• Data to process
---*---

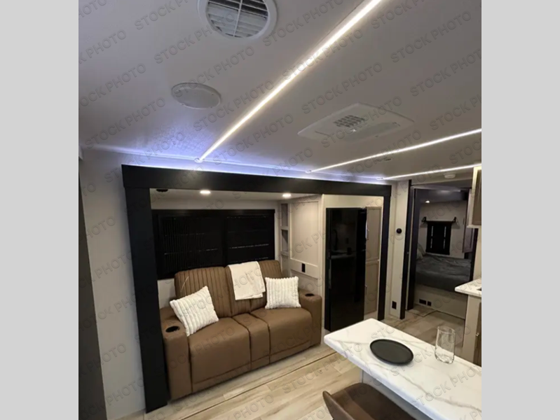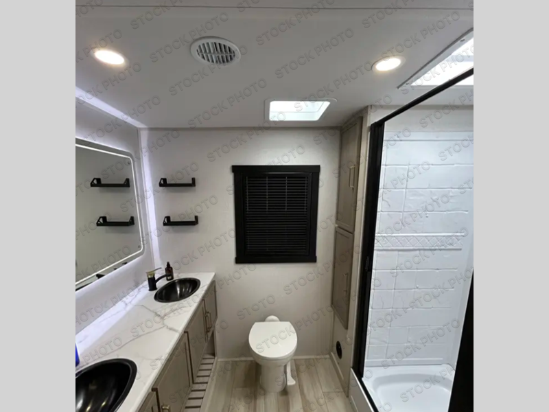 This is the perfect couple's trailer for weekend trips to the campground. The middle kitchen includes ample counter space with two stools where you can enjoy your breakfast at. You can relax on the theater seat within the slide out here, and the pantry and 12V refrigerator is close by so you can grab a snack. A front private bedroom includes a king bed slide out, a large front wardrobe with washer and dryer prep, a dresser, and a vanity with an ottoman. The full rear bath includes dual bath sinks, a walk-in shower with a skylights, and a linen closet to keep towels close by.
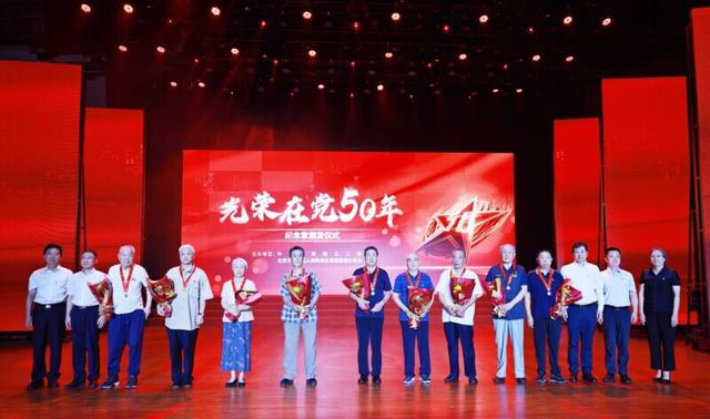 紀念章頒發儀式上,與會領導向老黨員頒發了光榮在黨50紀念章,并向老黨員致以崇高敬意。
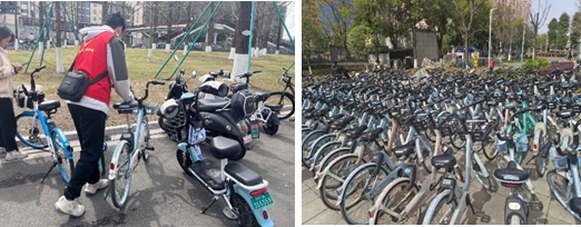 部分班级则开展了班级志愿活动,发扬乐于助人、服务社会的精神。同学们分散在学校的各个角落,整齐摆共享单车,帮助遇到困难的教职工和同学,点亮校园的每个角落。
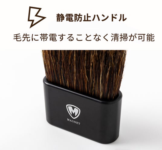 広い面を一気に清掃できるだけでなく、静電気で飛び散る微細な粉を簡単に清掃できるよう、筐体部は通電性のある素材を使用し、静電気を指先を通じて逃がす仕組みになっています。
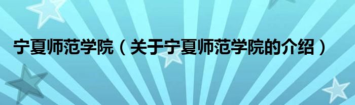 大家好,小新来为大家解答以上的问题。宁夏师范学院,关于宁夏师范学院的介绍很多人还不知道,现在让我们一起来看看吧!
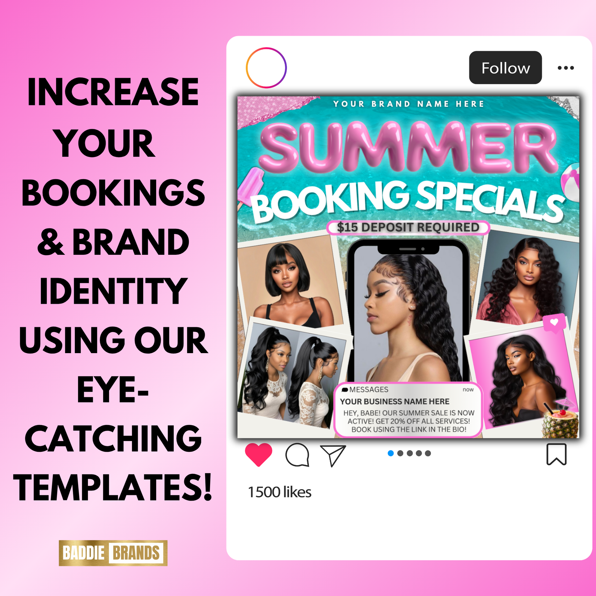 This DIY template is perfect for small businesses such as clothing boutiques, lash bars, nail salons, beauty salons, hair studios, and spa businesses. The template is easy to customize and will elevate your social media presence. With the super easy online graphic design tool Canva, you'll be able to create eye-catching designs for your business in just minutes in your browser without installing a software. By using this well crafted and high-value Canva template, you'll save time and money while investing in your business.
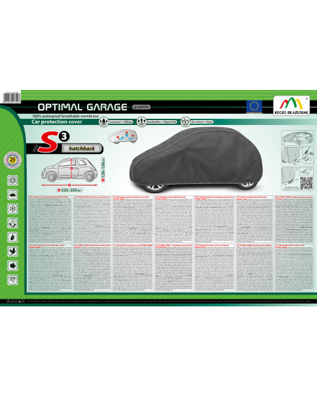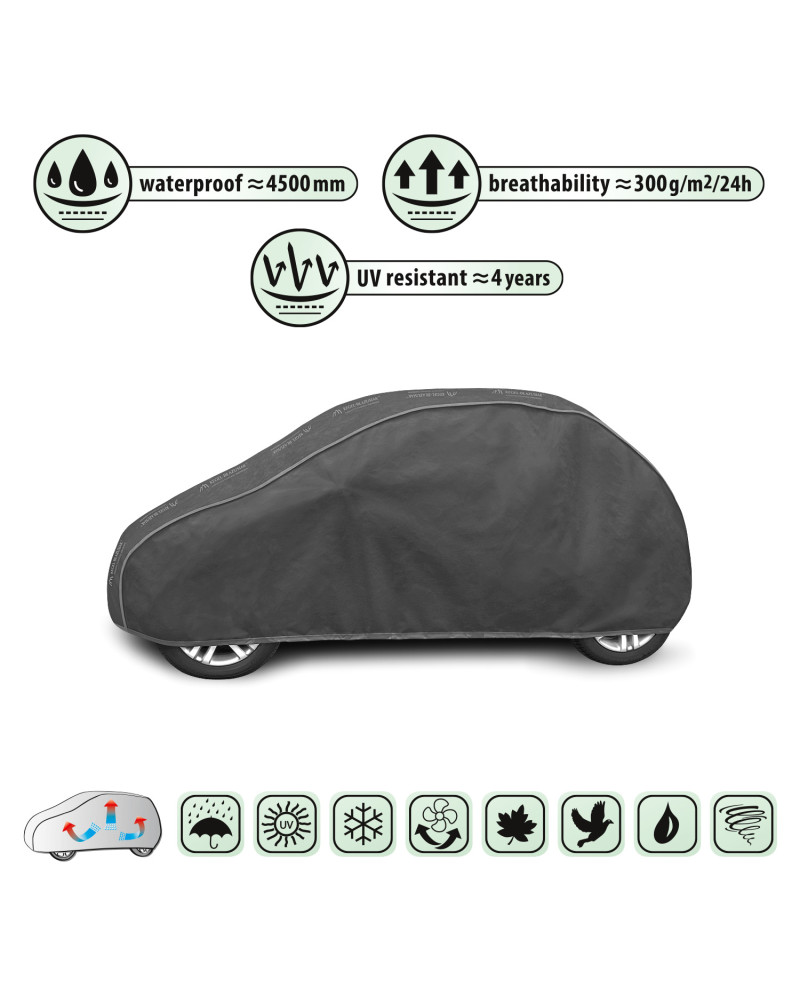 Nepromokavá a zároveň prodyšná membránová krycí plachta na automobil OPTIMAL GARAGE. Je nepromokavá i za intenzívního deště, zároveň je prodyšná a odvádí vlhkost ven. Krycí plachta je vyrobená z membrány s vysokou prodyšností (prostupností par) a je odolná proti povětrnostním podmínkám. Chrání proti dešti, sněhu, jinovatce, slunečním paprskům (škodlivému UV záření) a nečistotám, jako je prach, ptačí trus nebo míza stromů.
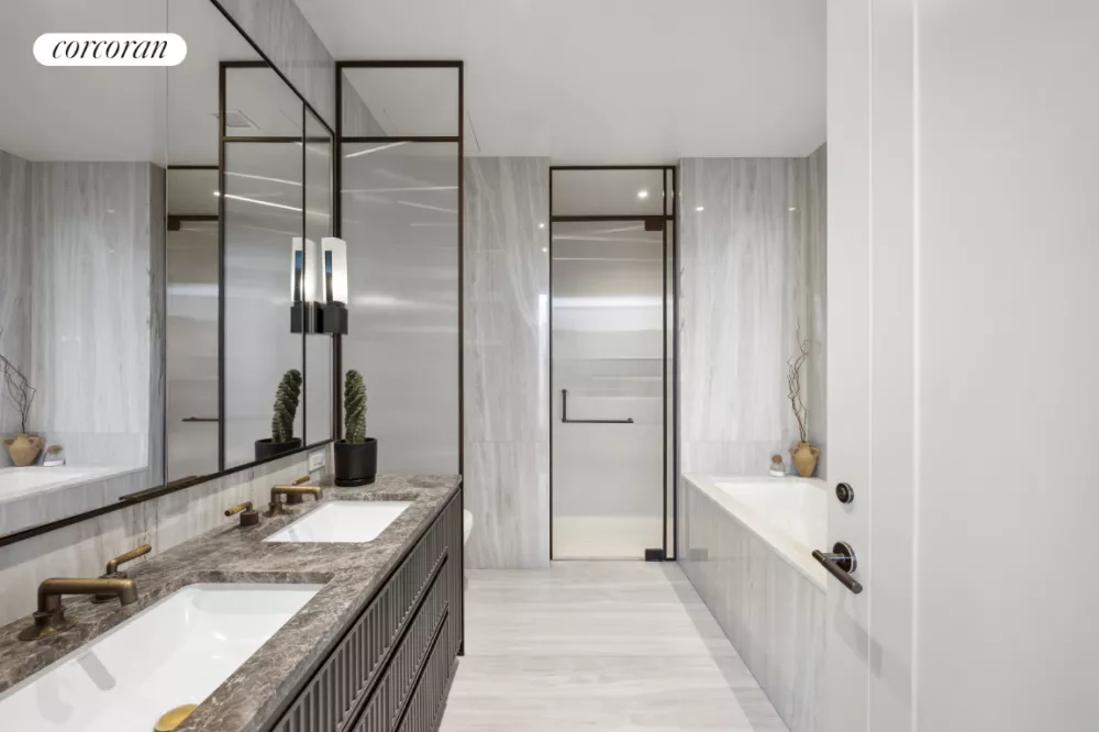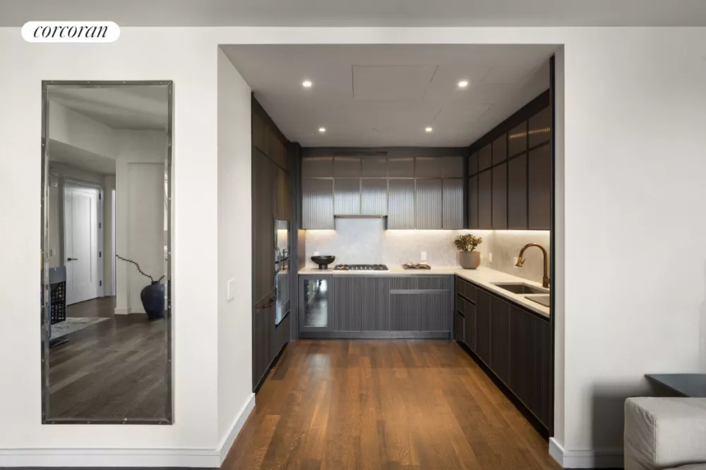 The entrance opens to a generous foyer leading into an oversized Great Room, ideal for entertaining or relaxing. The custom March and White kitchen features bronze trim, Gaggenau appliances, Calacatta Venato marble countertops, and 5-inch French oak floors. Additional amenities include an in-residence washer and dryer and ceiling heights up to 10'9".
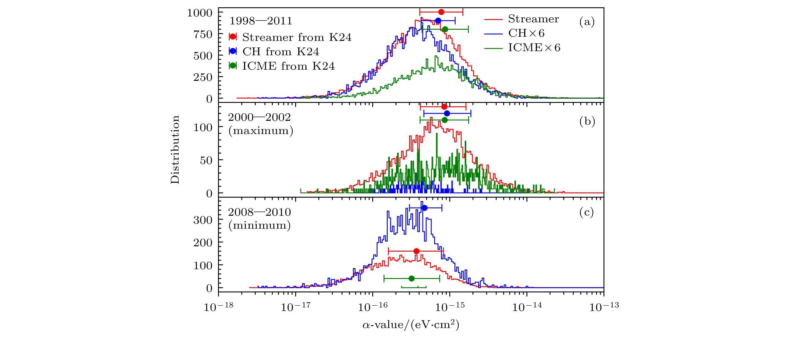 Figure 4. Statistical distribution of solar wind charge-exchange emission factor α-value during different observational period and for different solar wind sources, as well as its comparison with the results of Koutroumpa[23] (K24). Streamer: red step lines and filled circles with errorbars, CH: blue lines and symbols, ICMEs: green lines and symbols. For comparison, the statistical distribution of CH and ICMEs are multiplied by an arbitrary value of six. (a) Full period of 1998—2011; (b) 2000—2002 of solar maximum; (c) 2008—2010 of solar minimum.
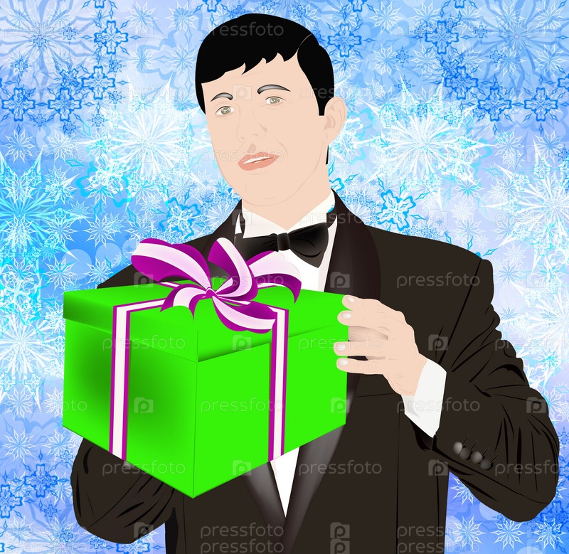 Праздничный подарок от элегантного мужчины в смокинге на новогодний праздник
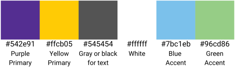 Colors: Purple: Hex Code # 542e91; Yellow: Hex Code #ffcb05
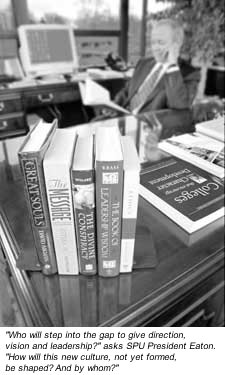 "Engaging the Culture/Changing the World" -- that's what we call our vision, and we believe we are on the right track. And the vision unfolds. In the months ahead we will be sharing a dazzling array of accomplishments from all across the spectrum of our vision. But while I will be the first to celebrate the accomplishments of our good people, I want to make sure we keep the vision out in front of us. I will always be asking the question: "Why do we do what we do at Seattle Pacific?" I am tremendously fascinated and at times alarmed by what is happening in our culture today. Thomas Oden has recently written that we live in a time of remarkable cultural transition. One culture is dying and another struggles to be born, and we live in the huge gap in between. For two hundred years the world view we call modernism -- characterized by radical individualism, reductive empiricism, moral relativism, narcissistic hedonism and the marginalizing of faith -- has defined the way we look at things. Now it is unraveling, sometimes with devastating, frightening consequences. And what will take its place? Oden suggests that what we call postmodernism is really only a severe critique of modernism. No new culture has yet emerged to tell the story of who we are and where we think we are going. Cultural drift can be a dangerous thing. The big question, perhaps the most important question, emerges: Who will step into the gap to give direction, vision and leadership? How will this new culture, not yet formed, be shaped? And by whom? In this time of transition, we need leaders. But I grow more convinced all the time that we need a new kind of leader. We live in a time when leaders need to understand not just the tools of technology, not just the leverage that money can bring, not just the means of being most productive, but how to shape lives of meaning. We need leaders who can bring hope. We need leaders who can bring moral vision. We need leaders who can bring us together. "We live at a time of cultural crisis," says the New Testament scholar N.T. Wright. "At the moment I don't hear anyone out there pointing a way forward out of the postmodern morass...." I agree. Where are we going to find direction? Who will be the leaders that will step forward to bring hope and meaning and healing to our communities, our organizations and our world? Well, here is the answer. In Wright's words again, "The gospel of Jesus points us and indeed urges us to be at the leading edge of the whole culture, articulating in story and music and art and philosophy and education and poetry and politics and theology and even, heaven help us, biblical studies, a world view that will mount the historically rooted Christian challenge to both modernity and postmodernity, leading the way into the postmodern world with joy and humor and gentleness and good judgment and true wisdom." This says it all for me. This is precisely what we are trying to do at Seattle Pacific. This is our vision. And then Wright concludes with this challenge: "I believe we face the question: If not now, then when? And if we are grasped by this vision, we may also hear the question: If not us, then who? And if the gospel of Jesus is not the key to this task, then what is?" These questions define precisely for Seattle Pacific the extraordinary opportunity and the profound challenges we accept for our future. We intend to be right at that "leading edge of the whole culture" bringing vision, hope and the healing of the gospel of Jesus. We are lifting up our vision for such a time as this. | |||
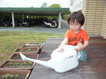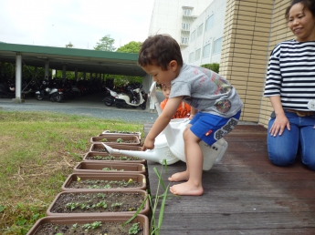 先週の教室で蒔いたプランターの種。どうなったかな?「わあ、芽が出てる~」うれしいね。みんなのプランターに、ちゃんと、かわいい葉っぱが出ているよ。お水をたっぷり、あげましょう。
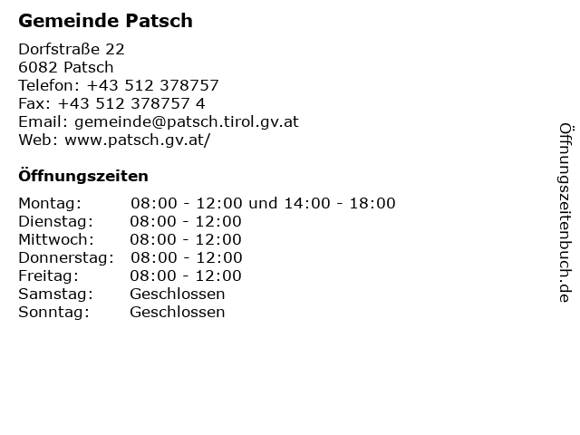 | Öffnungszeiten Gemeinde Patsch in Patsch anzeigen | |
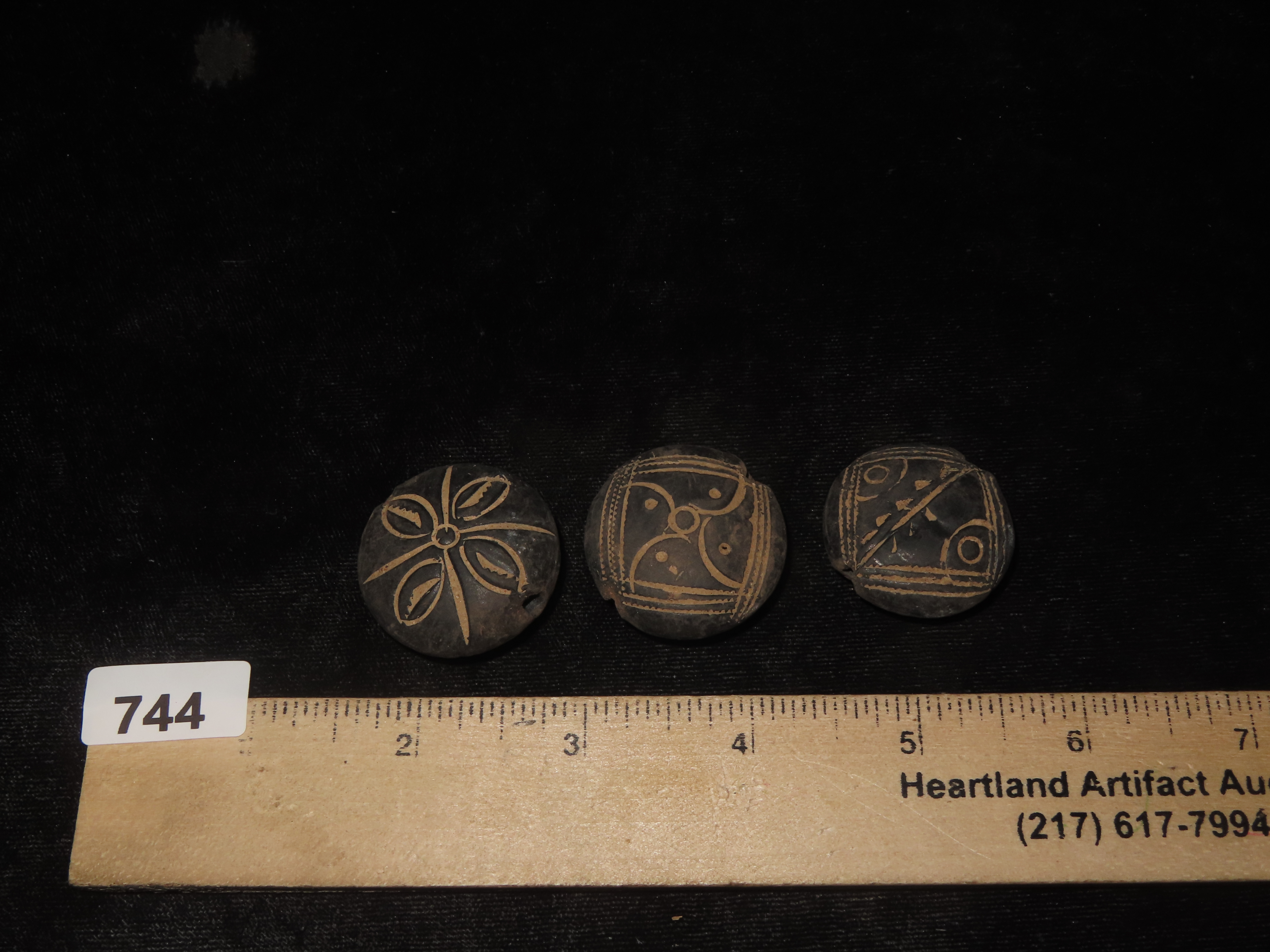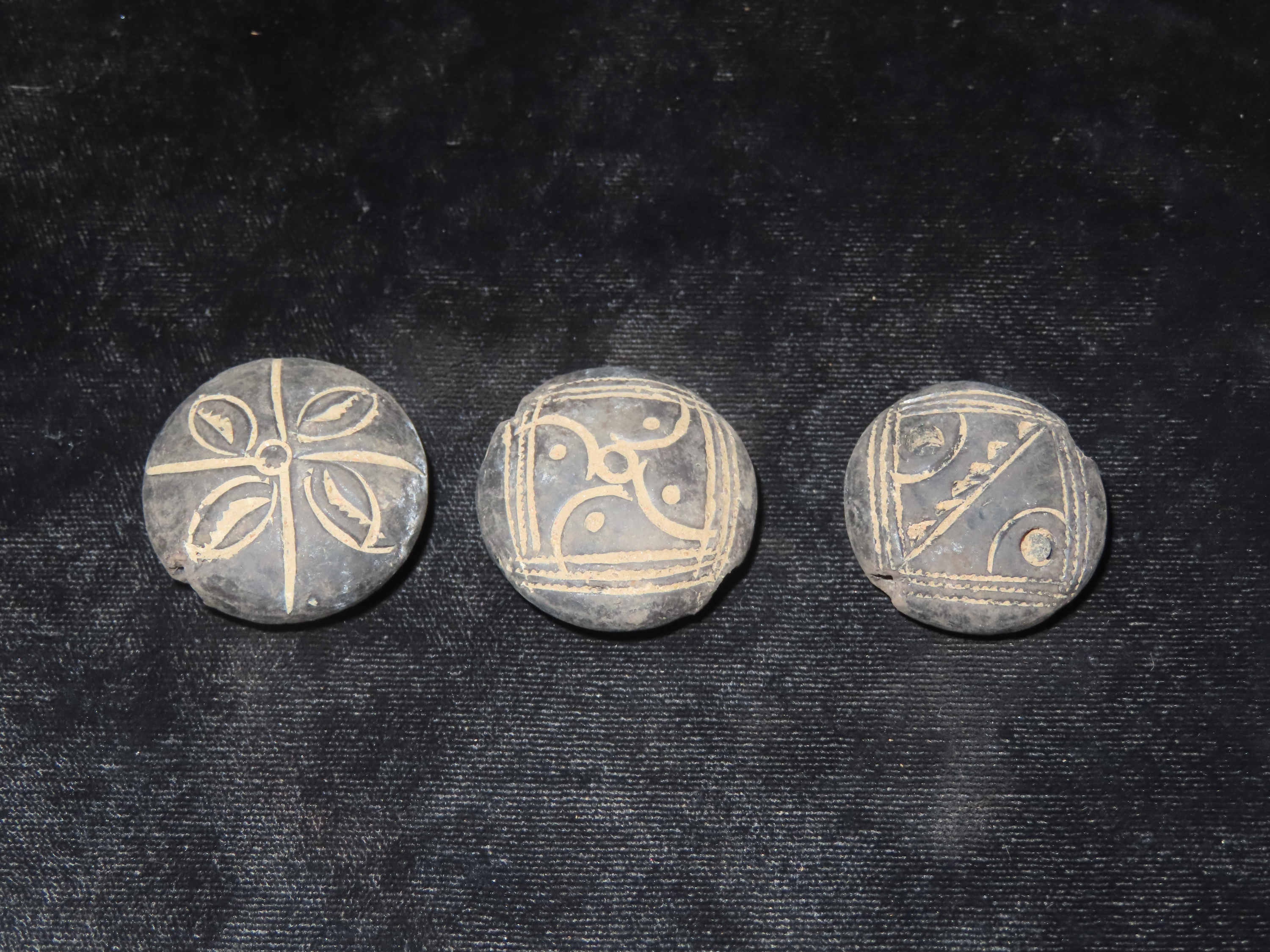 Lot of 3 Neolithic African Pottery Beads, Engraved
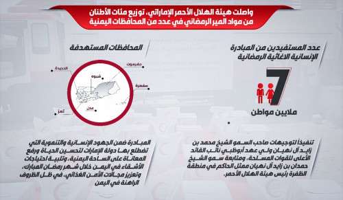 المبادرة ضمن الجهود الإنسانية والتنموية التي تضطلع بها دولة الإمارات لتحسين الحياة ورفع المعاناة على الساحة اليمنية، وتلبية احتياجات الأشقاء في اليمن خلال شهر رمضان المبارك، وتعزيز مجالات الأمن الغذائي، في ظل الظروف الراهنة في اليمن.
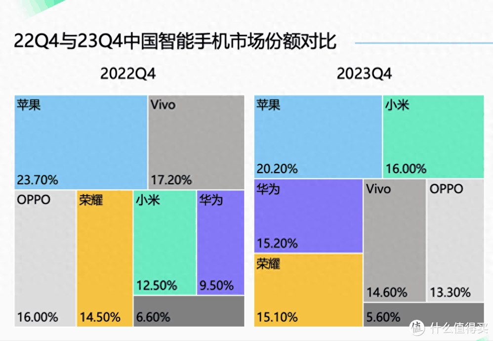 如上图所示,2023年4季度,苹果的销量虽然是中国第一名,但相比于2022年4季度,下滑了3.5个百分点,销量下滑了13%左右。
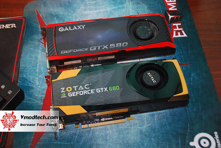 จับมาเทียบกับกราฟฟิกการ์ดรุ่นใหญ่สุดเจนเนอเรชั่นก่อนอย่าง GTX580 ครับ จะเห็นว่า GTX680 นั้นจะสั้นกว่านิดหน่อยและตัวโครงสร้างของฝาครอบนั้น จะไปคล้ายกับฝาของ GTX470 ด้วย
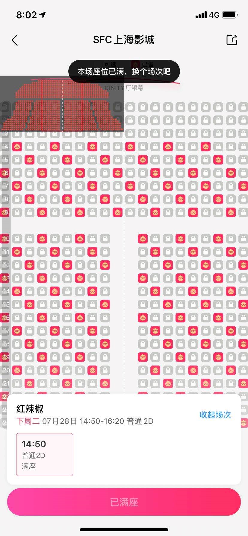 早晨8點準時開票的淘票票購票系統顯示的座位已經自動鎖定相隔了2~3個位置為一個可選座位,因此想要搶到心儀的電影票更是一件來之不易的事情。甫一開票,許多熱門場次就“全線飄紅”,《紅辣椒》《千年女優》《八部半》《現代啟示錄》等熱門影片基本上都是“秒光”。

---*---

• Work instructions
Without the pictures, transcribe the lines from the one containing "المبادرة ضمن الجهود" through the end of the data, exactly and only those.

• Output below
 المبادرة ضمن الجهود الإنسانية والتنموية التي تضطلع بها دولة الإمارات لتحسين الحياة ورفع المعاناة على الساحة اليمنية، وتلبية احتياجات الأشقاء في اليمن خلال شهر رمضان المبارك، وتعزيز مجالات الأمن الغذائي، في ظل الظروف الراهنة في اليمن.
 如上图所示,2023年4季度,苹果的销量虽然是中国第一名,但相比于2022年4季度,下滑了3.5个百分点,销量下滑了13%左右。
 จับมาเทียบกับกราฟฟิกการ์ดรุ่นใหญ่สุดเจนเนอเรชั่นก่อนอย่าง GTX580 ครับ จะเห็นว่า GTX680 นั้นจะสั้นกว่านิดหน่อยและตัวโครงสร้างของฝาครอบนั้น จะไปคล้ายกับฝาของ GTX470 ด้วย
 早晨8點準時開票的淘票票購票系統顯示的座位已經自動鎖定相隔了2~3個位置為一個可選座位,因此想要搶到心儀的電影票更是一件來之不易的事情。甫一開票,許多熱門場次就“全線飄紅”,《紅辣椒》《千年女優》《八部半》《現代啟示錄》等熱門影片基本上都是“秒光”。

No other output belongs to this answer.